Deploying perl code
robrwo at gmail.com
Mon Jul 28 19:51:12 BST 2014
On Thu, Jul 24, 2014 at 4:25 PM, David Cantrell <david at cantrell.org.uk>
> Our "deployment process" at work isn't so much a well-documented
> dependable repeatable process as a modern dance interpretation of
> lemonparty. It needs taking out and shooting.
> I'm looking for tools that will make it easy to go from a bunch of code
> in a release branch on github to an updated bunch of servers, with
> minimal downtime.
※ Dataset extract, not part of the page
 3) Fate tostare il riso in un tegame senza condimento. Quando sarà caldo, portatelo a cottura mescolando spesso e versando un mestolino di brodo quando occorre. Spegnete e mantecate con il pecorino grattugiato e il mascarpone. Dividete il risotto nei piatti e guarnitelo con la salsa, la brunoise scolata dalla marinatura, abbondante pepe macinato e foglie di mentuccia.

If it matters we're using Debian.
At $previous, we deployed (mainly bespoke) Catalyst apps using the
following toolchain at a small shop:
- Gitolite to manage security for repos.
- Git Flow to manage workflow in git, with a master, devel (staging) branch.
- Mini-cpan repos, which existed in git and were mirrored on multiple
- The devel servers were basically identical to live servers
- Apps were installed in /opt/$name as self-contained installations (with
the exception of a shared
Perl, but we had the ability to install an alternative Perl there). The
installations were git repos
with tags for each release, so we could roll back if needed.
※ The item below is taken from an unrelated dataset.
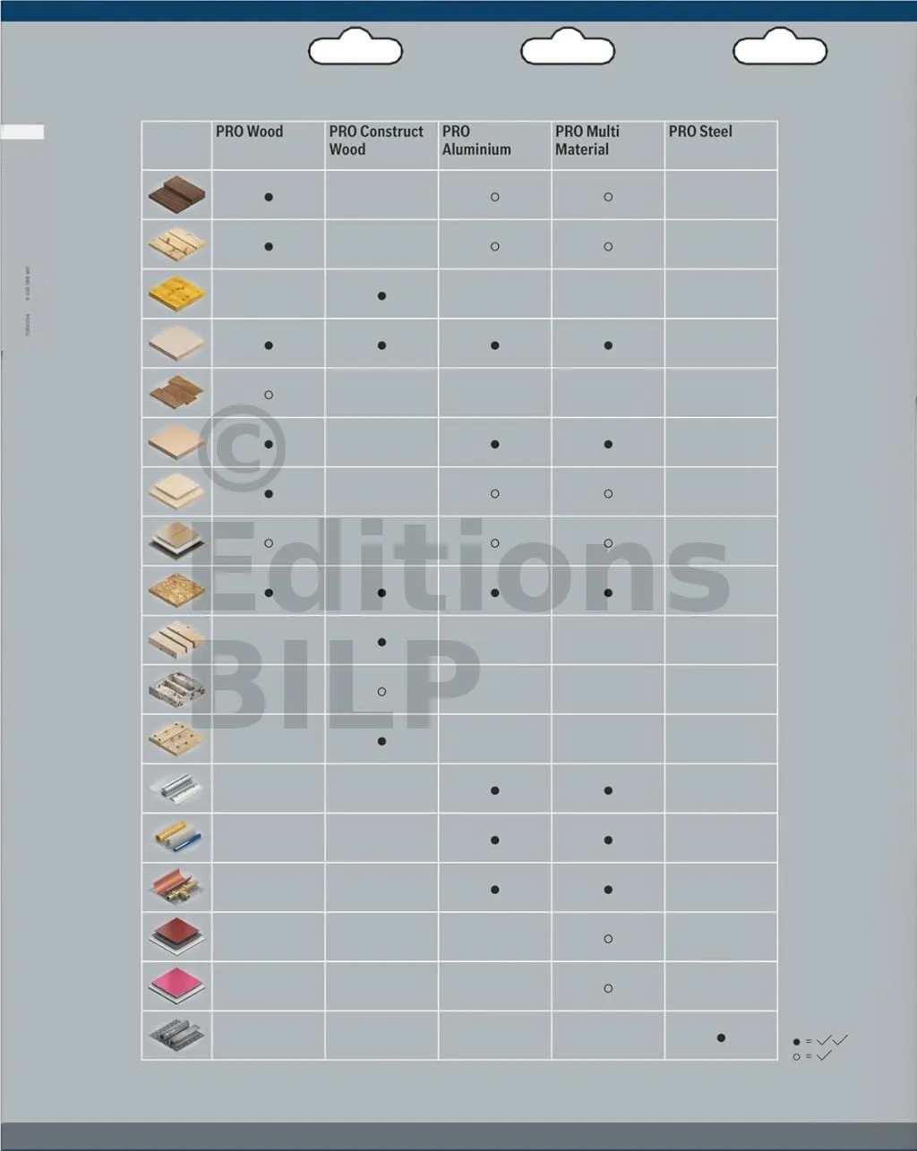 Pour la colonne PRO Multi-Matériaux, les matériaux compatibles avec la lame sont ceux mentionnés dans le chapitre Caractéristiques. Les matériaux pouvant être découpés mais de manière moins optimale sont le bois dur, le bois résineux, les panneaux plastifiés et le HPL stratifié haute pression.

Each instance of an app ran under a under a unique username.
The idea was to build on devel (staging) servers, using Carton, and push
new versions to the repo.
In reality, we never quite got there. We'd build the app in the user's
$HOME/src module (which was
the source git repo) and just installed the new version into the live
servers and updated git accordingly.
- Configuration lived in /etc/opt/$name, and was managed by custom Puppet
modules. These also contained
symlinked web server configs for sites. (If I knew what I know now, I'd
have used a common configuration for
the webserver and managed the differences in Plack::Middleware, alas.)
Each app has a custom Puppet module that uses a base one but set up
databases and installed cron jobs as needed.
- Database versioning was handled using DBIC::Migration, which worked well
for vanilla Postgres. It was (maybe
still is) buggy for PostGIS, so we ended up manually updating the SQL for
deployment, upgrades and
downgrades in git and just used it for deploying upgrades/downgrades.
Database upgrades were multi-step:
1. Add new columns/tables/etc to database with schema that used them;
2. Release code that uses new columns, tables etc.;
3. Release code that no longer used;
4. Update database to delete things no longer used;
Generally this worked out ok. We did most of the steps manually (it was a
small shop with a few apps), but had helper shell scripts to do this. In
theory it could have been automated completely, but we never felt the need.